## Data section
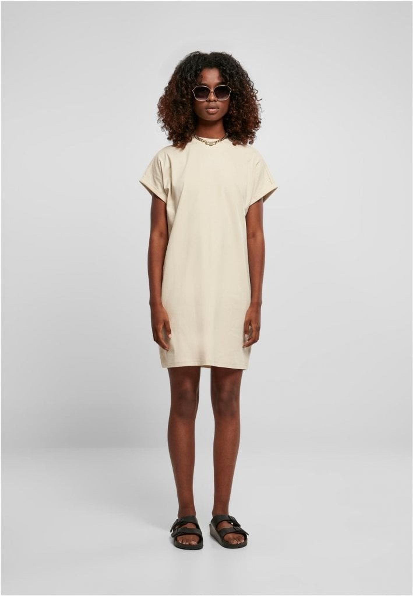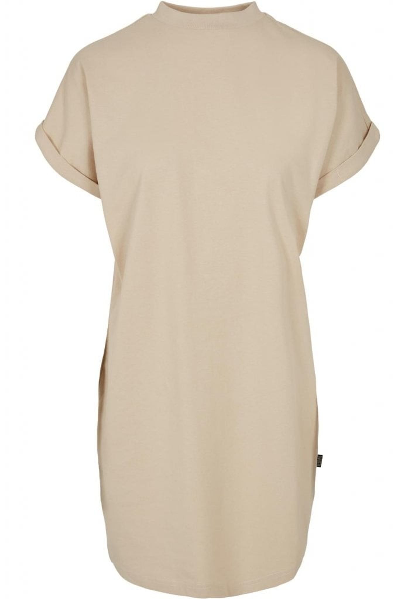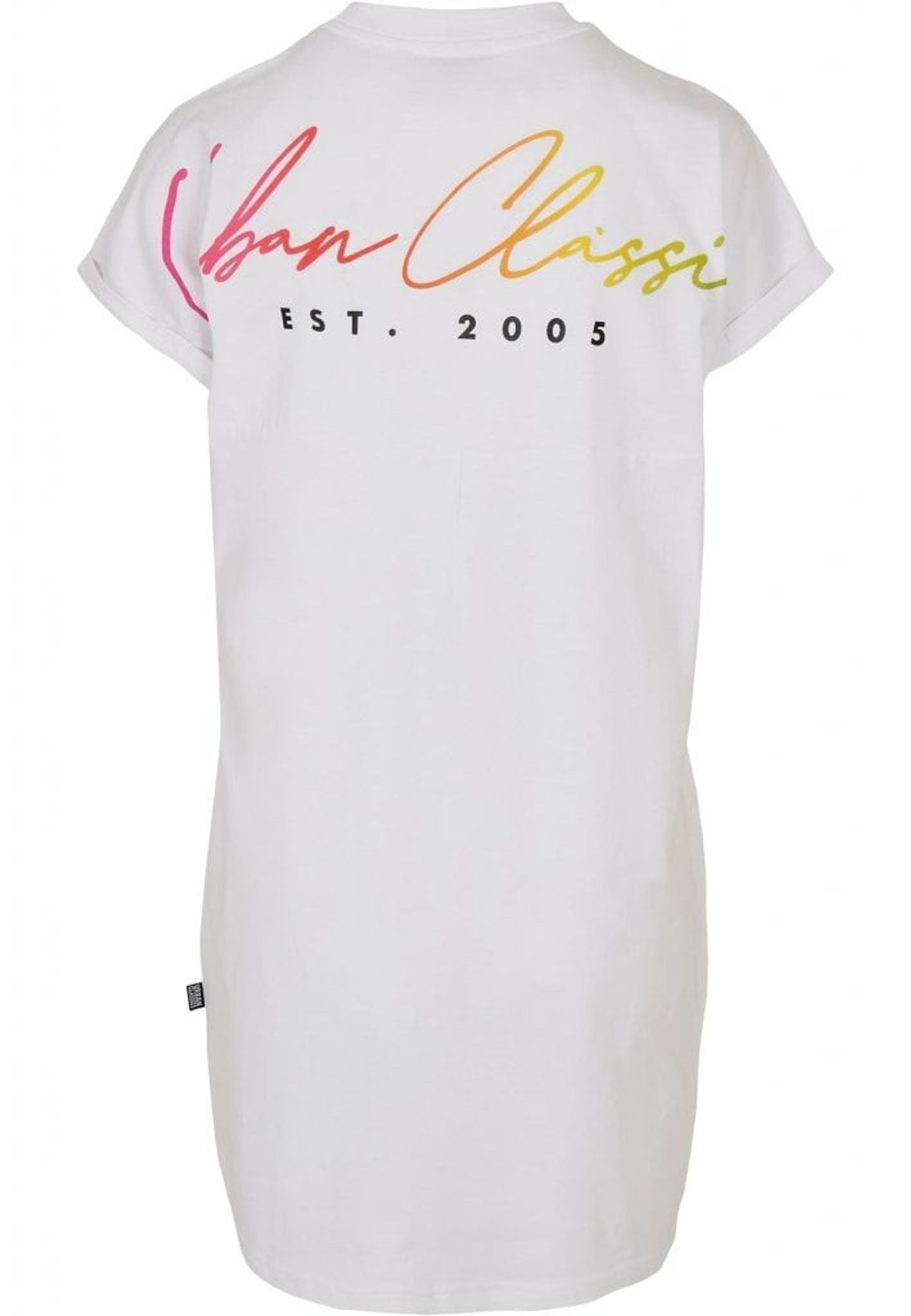 A stylish summer dress with rolled-up T-shirt sleeves and large print over the shoulders with Urban Classic's rainbow logo.
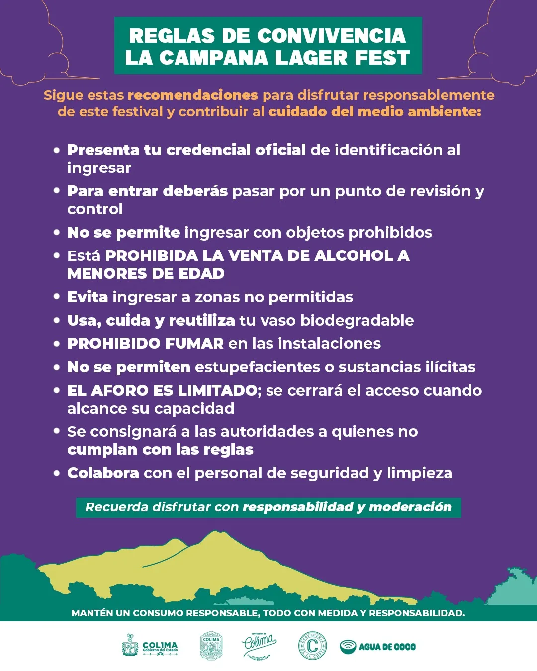 En el evento ‘La Campana Lager Fest’ que se efectuará este viernes 17 y sábado 18 de noviembre en el Parque Ecológico La Campana, la corresponsabilidad de las y los asistentes, y el respeto que muestren a las reglas de convivencia que se han establecido, serán fundamentales para contribuir a la protección de la riqueza natural y arqueológica de este sitio en la zona conurbada de Colima y Villa de Álvarez.
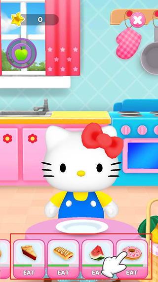 和 Hello Kitty 一起玩会说话的迷你游戏,比如打球、照料花、洗碗、说话 Hello Kitty 最喜欢的迷你游戏、烘焙等等。
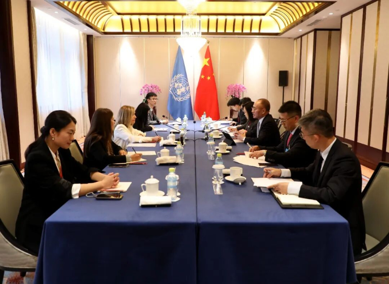 2026年4月22日,国家国际发展合作署署长陈晓东会见来华参加全球共享发展行动论坛第三届高级别会议的世界气象组织秘书长席列斯特·绍罗。

## Aim of the exercise
The material above must be printed exactly, with its pictures left out.

## Output below
 A stylish summer dress with rolled-up T-shirt sleeves and large print over the shoulders with Urban Classic's rainbow logo.
 En el evento ‘La Campana Lager Fest’ que se efectuará este viernes 17 y sábado 18 de noviembre en el Parque Ecológico La Campana, la corresponsabilidad de las y los asistentes, y el respeto que muestren a las reglas de convivencia que se han establecido, serán fundamentales para contribuir a la protección de la riqueza natural y arqueológica de este sitio en la zona conurbada de Colima y Villa de Álvarez.
 和 Hello Kitty 一起玩会说话的迷你游戏,比如打球、照料花、洗碗、说话 Hello Kitty 最喜欢的迷你游戏、烘焙等等。
 2026年4月22日,国家国际发展合作署署长陈晓东会见来华参加全球共享发展行动论坛第三届高级别会议的世界气象组织秘书长席列斯特·绍罗。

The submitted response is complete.